Sandra Wall Armitage

I haven’t ever needed to do this.


Kathleen Baker

I would remove the warping first by placing the paper on a smooth folded bed sheet on a hard surface, finely spray it with water and iron it with medium heat, upper surface facing downwards. Then, I’d put the paper between two boards with weights on top.


Susan Dalton

I’m not entirely sure what you mean when you say ‘blocking warped watercolour paintings’. If you mean flattening paintings that have buckled when dry then I would suggest you try one of the following methods:

a) If the paper is not too warped then you could try gently ironing the back of the painting and then placing under a heavy weight for a couple of days – I have tried this on one or two occasions and have found it to be quite satisfactory.

b) If the paper is very warped I have heard of artists wetting the whole of the back of the paper and then stretching by taping it down to a suitable clean board with brown gummed tape until totally dry – however I would find this method too much of a risk!

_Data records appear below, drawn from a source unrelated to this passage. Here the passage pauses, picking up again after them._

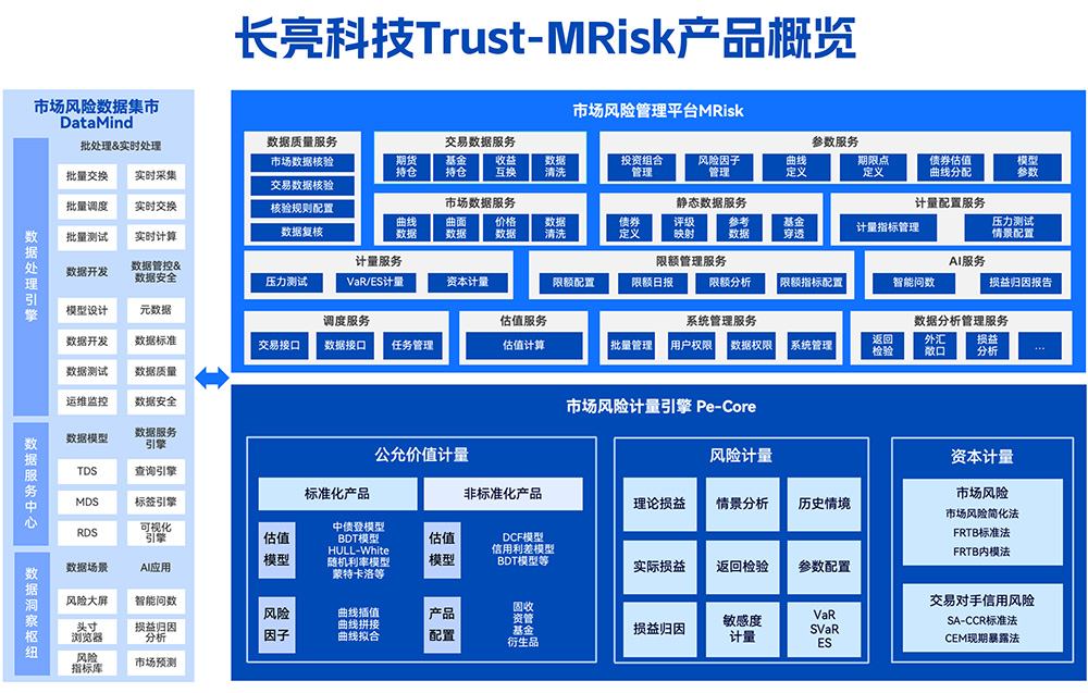 针对《商业银行市场风险管理办法》实施落地,长亮科技可提供市场风险计量的全流程解决方案。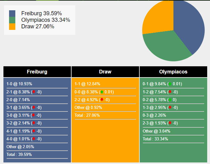 Tỉ số khả dĩ nhất để Freiburg thắng là 1-0 với xác suất 10,93%. Tỷ số có khả năng xảy ra tiếp theo cho kết quả đó là 2-1 (8,38%) và 2-0 (7,14%). Khả năng thắng Olympiacos cao nhất là 0-1 (9,84%), trong khi tỷ số hòa là 1-1 (12,84%).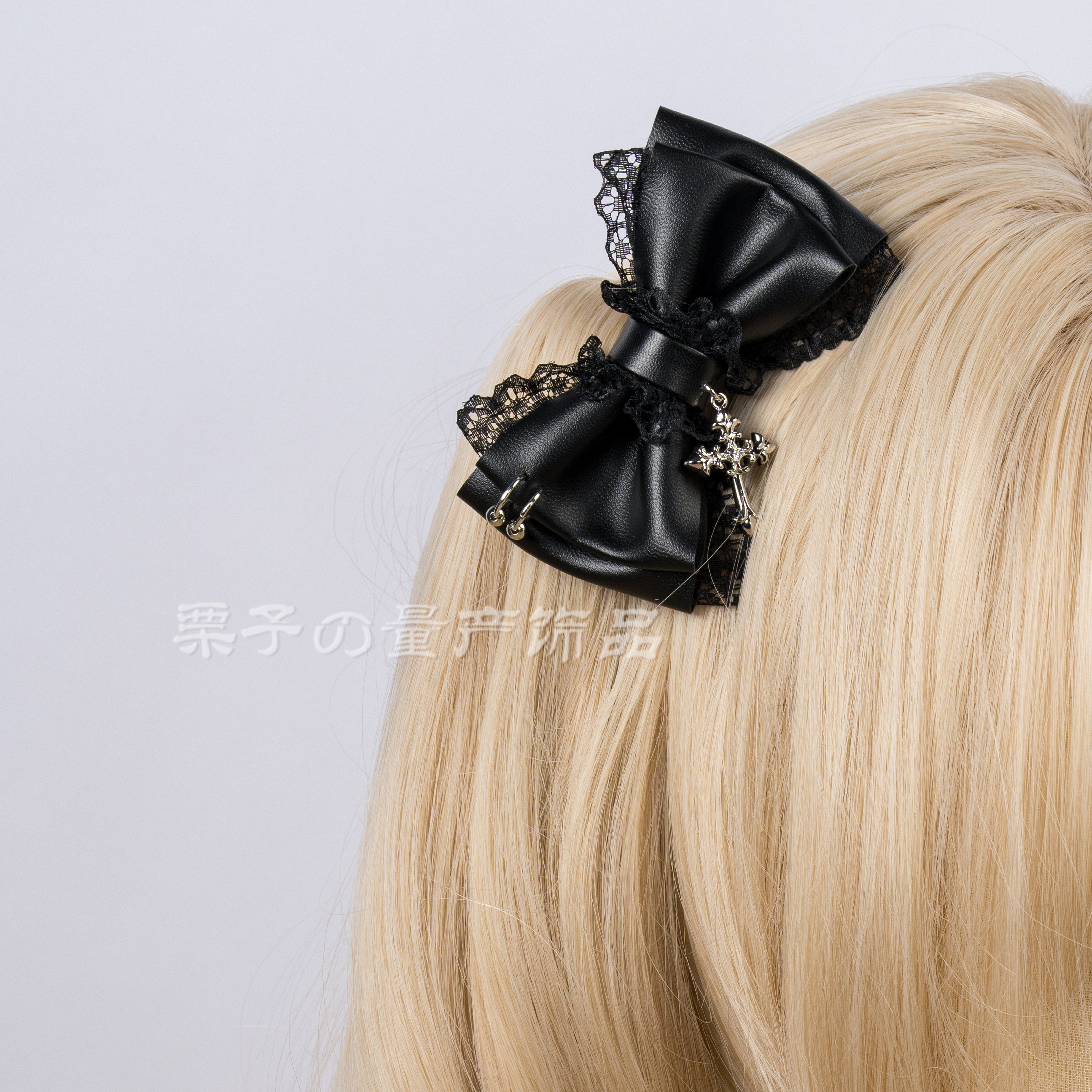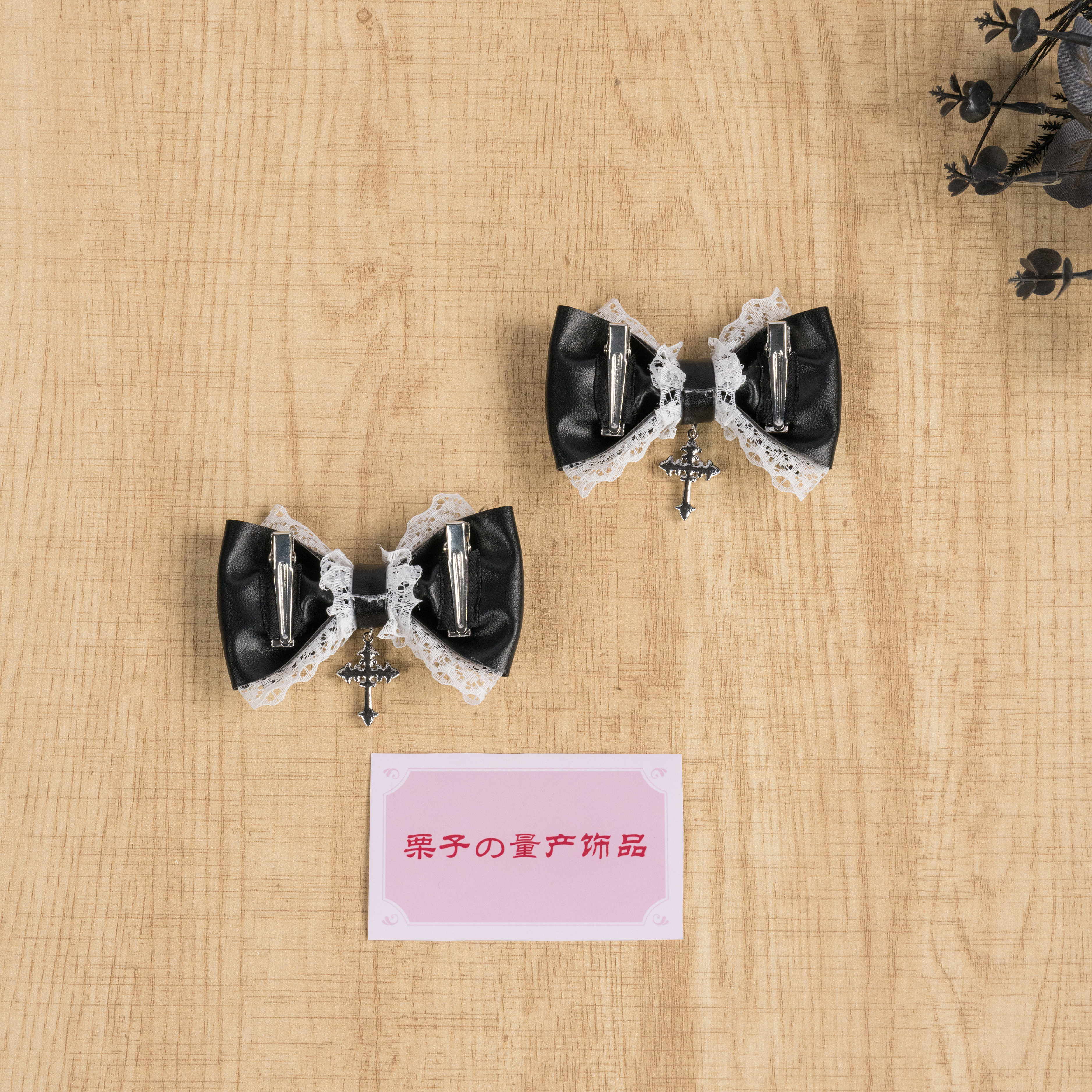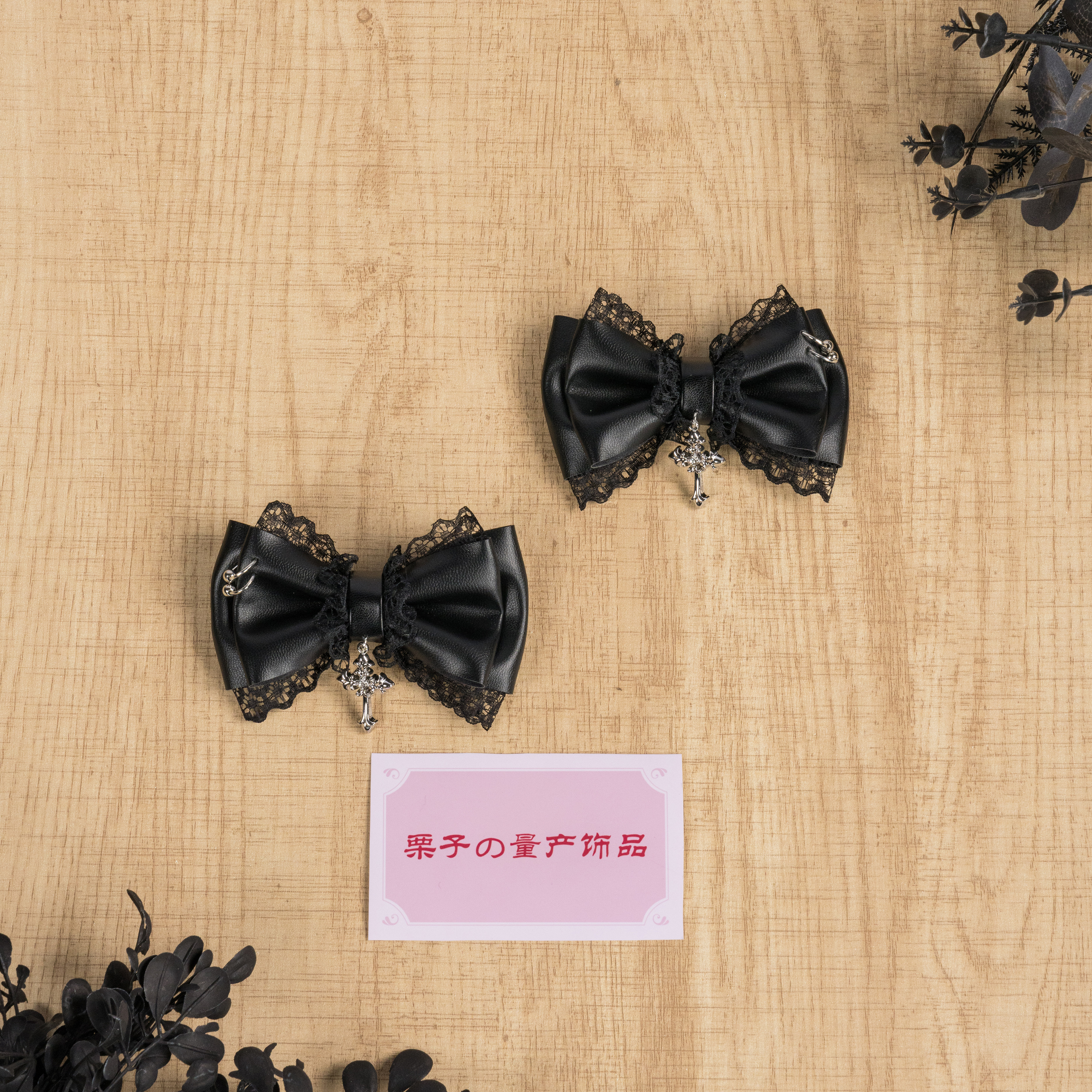 原创手作蕾丝皮质蝴蝶结十字架发夹暗黑哥特蕾蕾系双马尾甜酷对夹

Ideally prevention is better than cure and I would suggest that you either stretch your paper before you begin painting, use a heavier weight of paper or (as I do) use blocks of watercolour paper.


Brigitte Daniel

I mist the back of the paper using a fine spray (used for plants) several times (letting it
soak in each time).  I then lay the paper wet side down on a board sealed with yaught varnish and stick down the sides all around the edges using brown water-based paper tape.  I then let the painting dry.  Keep an eye on the fine detail between sprays to make sure it does not run.  Try to avoid this problem by using heavier paper.


Susan Hillier

Wet the back of the painting, and a wooden board. Tape the paper down with Gum Strip and let dry naturally.


Jennifer Jenkins

I never have this problem as I use Aquarelle Arches 140 lb. blocks and 140 lb. weight sheets of Fabriano paper for my watercolour paintings.


Kay Rees Davies

I ask my picture framer to dry mount any painting which might have buckled slightly.


Margaret Stevens

This is not a problem I have encountered.  I try to use sufficiently heavy paper suitable for the painting and try not to get it too wet.  I also prefer to work on blocks of paper rather than loose sheets which helps a lot.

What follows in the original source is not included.